In 1991, General Motors posted a then-amazing, full-year loss of $4.45
billion, and 10 months later CEO Robert Stempel was out. Last week, GM
reported a $15.5 billion loss for just one quarter, and GM's board this
week reaffirmed its support for CEO Rick Wagoner. GM's loss easily
eclipsed the quarterly loss of $8.7 billion announced by Ford just a
week earlier. As for Chrysler, pick a number. The company is owned by
private-equity firm Cerberus Capital Management, and thus its results
aren't public.
Whether all, or even any, of the three companies can survive has become
a legitimate question. In truth, no one knows for sure. But other
questions can be addressed with more certainty:
Should Detroit have seen this disaster coming? Yes. Gasoline prices
have been climbing steadily for more than three years now. The
Bush-Bernanke debasement of the dollar didn't do Detroit any favors,
because the dollar's collapse has contributed mightily to the soaring
price of crude oil.
But the Detroit Three stuck with a business model based on leasing SUVs
for way too long. The two things wrong with that model were, well,
leasing and SUVs.
The residual values on which SUV lease payments are based turned out to
be enormously inflated. With gas around $4 a gallon, the auto makers
can't resell leased SUVs, after they are returned by customers, for
anywhere near the price that the companies had assumed. Big write-downs
to reflect this "impairment" contributed to the recent
multibillion-dollar quarterly losses at Ford and GM, prompting the
Detroit Three to curtail or cease their leasing programs. Japanese and
European car companies are suffering leasing losses too, but they are
much less dependent on SUV leases than Detroit.

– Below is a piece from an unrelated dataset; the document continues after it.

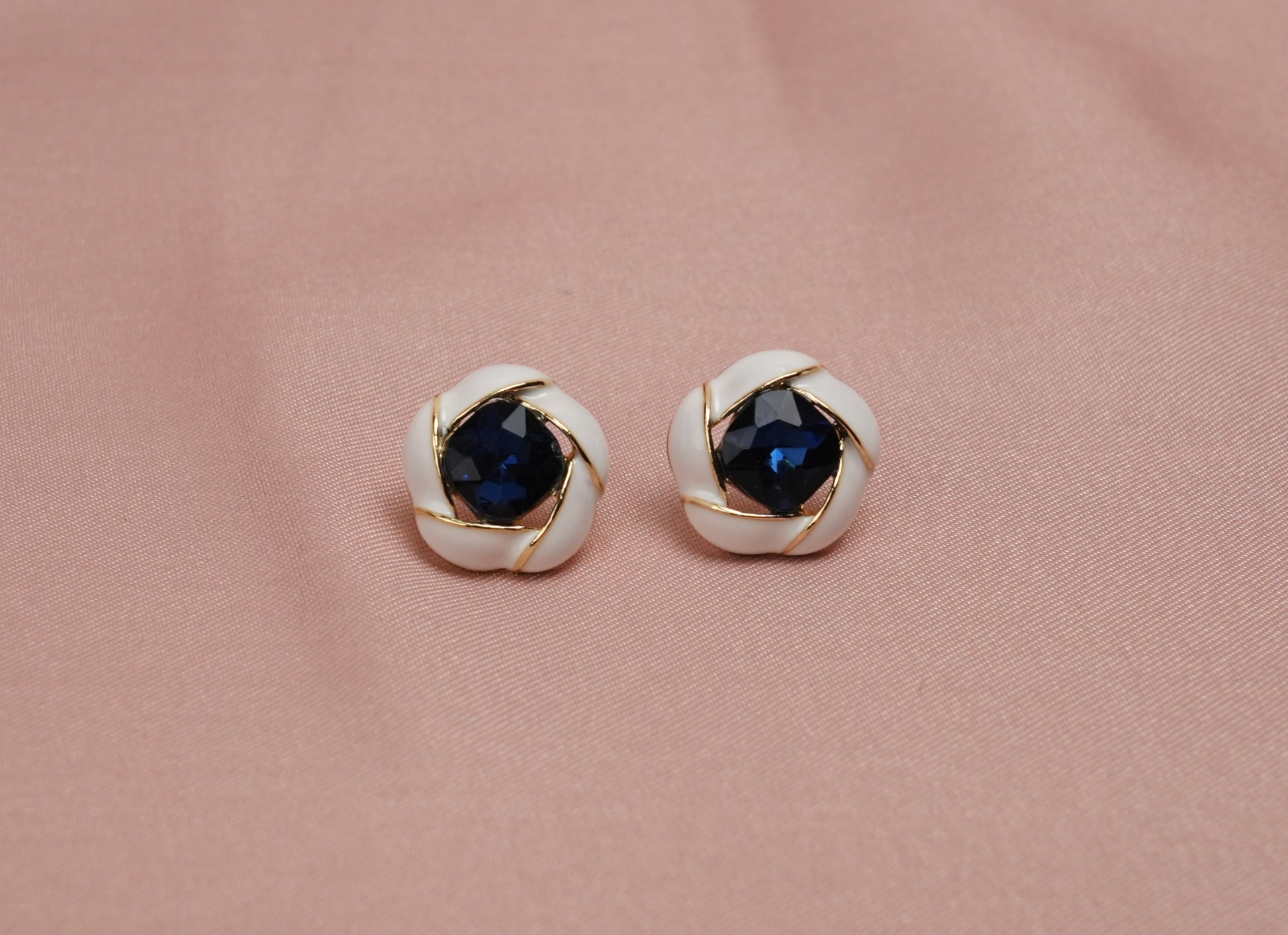 Elegant and eye-catching, this Blue Crystal Jewelry Set is designed to make a statement. The set features a brilliant deep-blue crystal framed in glossy white enamel with golden accents, creating a stunning contrast. Includes a matching pendant necklace and stud earrings, perfect for adding sophistication to any look.

All this said, let's acknowledge that it's human nature to resist
changing behavior that has been successful, as SUVs were for two
decades. If Detroit is Exhibit A, then Exhibit B surely must be the
newspaper and magazine industry. It has been equally clear for most of
this decade that the business models of print publications, which are
based on selling advertising, were becoming as obsolete as big SUVs,
because advertising is shifting to the Internet.
Not many journalists saw this sea change coming, much less acted on it,
in their own business. The stock of McClatchy, one of the nation's
largest newspaper chains, has plunged from nearly $75 a share to around
$4 a share in the last three years, a 94% collapse that exceeds even
the 89% nosedive in GM's stock since the beginning of this decade. The
prices of other newspaper stocks have performed much the same.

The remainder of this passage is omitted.